3

I am trying to do bulk deletion using stored procedures. While creating the collection I am not passing Partition Key. I want to do the deletion without partition key. Right now my query is running but it is not deleting anything from the collection. Is it required to use partition key for bulk deletion/update?

Below is my code:

def delete_bulk(query,client,coll_link):
    sproc = {
                'id': 'deleteProcedure',
                'body': ('''
                    function bulkDeleteProcedure(query) {
    var collection = getContext().getCollection();
    var collectionLink = collection.getSelfLink();
    var response = getContext().getResponse();
    var responseBody = {
        deleted: 0,
        continuation: true
    };

    // Validate input.
    if (!query) throw new Error("The query is undefined or null.");

    tryQueryAndDelete();

    // Recursively runs the query w/ support for continuation tokens.
    // Calls tryDelete(documents) as soon as the query returns documents.
    function tryQueryAndDelete(continuation) {
        var requestOptions = {continuation: continuation};

        var isAccepted = collection.queryDocuments(collectionLink, query, requestOptions, function (err, retrievedDocs, responseOptions) {
            if (err) throw err;

            if (retrievedDocs.length > 0) {
                // Begin deleting documents as soon as documents are returned form the query results.
                // tryDelete() resumes querying after deleting; no need to page through continuation tokens.
                //  - this is to prioritize writes over reads given timeout constraints.
                tryDelete(retrievedDocs);
            } else if (responseOptions.continuation) {
                // Else if the query came back empty, but with a continuation token; repeat the query w/ the token.
                tryQueryAndDelete(responseOptions.continuation);
            } else {
                // Else if there are no more documents and no continuation token - we are finished deleting documents.
                responseBody.continuation = false;
                response.setBody(responseBody);
            }
        });

        // If we hit execution bounds - return continuation: true.
        if (!isAccepted) {
            response.setBody(responseBody);
        }
    }

    // Recursively deletes documents passed in as an array argument.
    // Attempts to query for more on empty array.
    function tryDelete(documents) {
        if (documents.length > 0) {
            // Delete the first document in the array.

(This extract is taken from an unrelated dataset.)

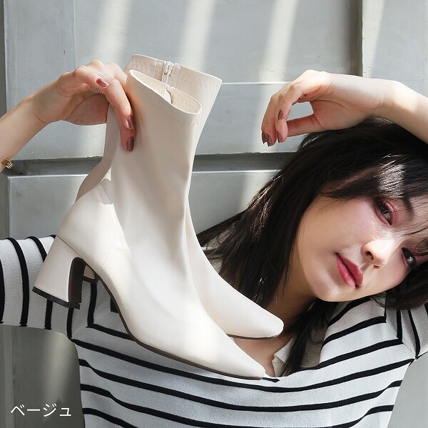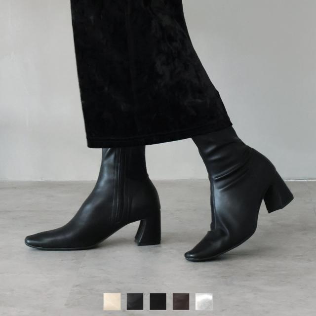 新色登場*スクエアトゥチャンキーヒールストレッチミドルブーツ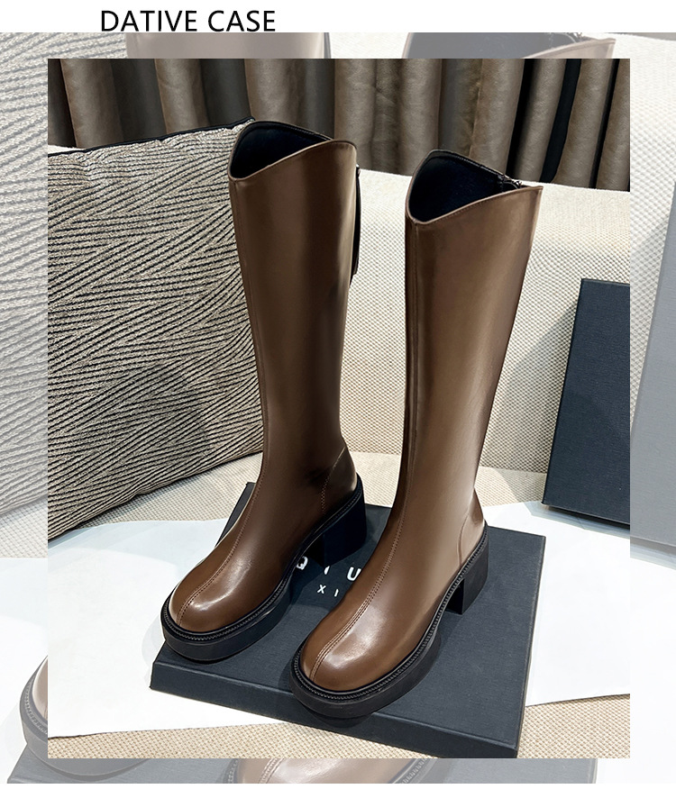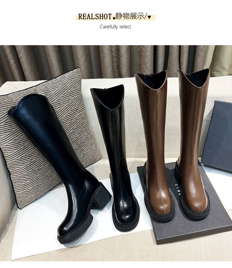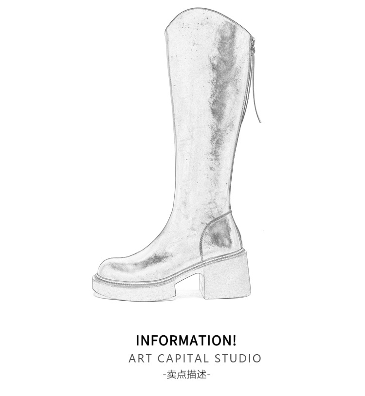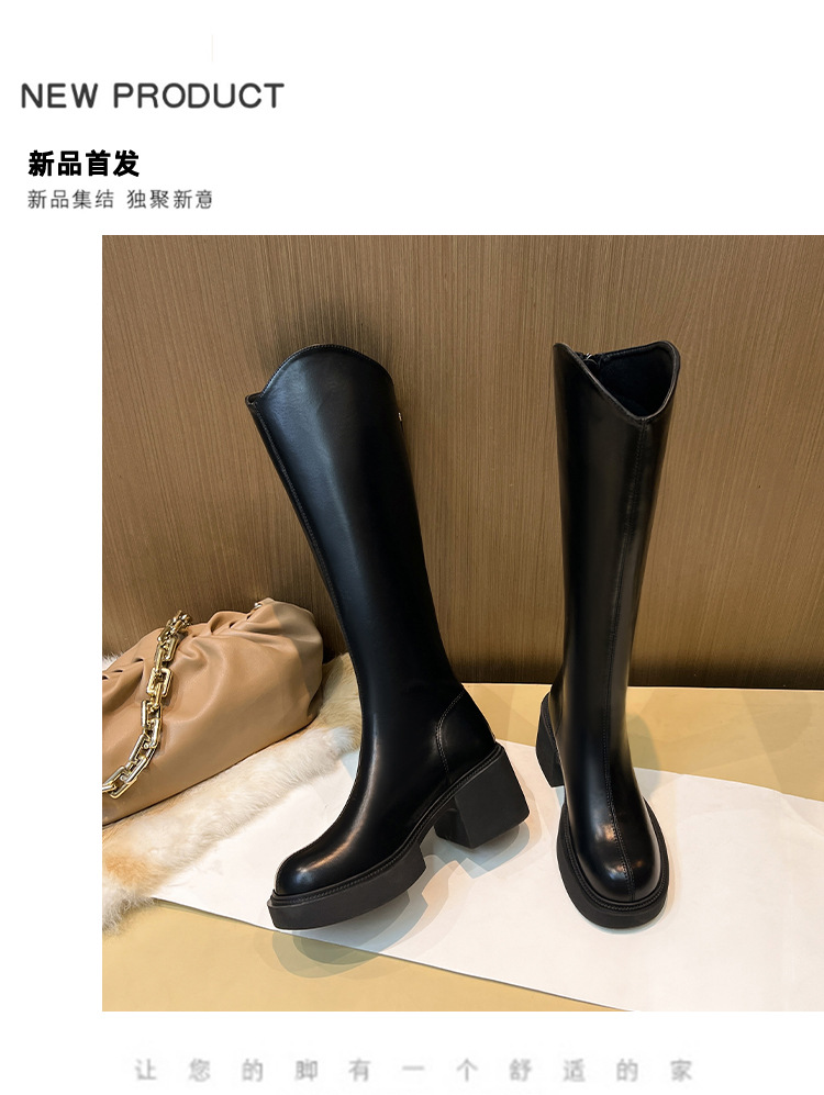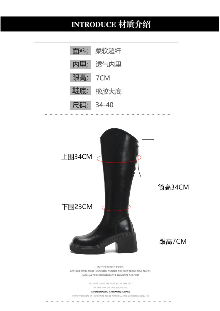 휘센~스몰 사이즈 V넥 롱부츠 여성 키높이 라이더 부츠 뒷지퍼 마틴부츠 굽높이 미끄럼방지 내마모성 방수스토어 가기

                    var isAccepted = collection.deleteDocument(documents[0], {}, function (err, responseOptions) {
                if (err) throw err;

                responseBody.deleted++;
                documents.shift();
                // Delete the next document in the array.
                tryDelete(documents);
            });

            // If we hit execution bounds - return continuation: true.
            if (!isAccepted) {
                response.setBody(responseBody);
            }


        } else {
            // If the document array is empty, query for more documents.
            tryQueryAndDelete();
        }
    }
}
                    ''')
            }

    try:
        # Create a container
        created_sproc = client.CreateStoredProcedure(coll_link, sproc)
        proc_link = created_sproc['_self']
    except Exception as e:
        proc_id = sproc['id']
        proc_query = "select * from r where r.id = '{0}'".format(proc_id)
        proc = list(client.QueryStoredProcedures(coll_link, proc_query))[0]
        proc_link = proc['_self'] 

    client.ExecuteStoredProcedure(proc_link, query)
    print('Deletion Done!!!')
Anurag
  • 117
  • 10

1 Answers1

3

I notice that you use bulk delete js from github code. That code is working well however there is a key point you need to know.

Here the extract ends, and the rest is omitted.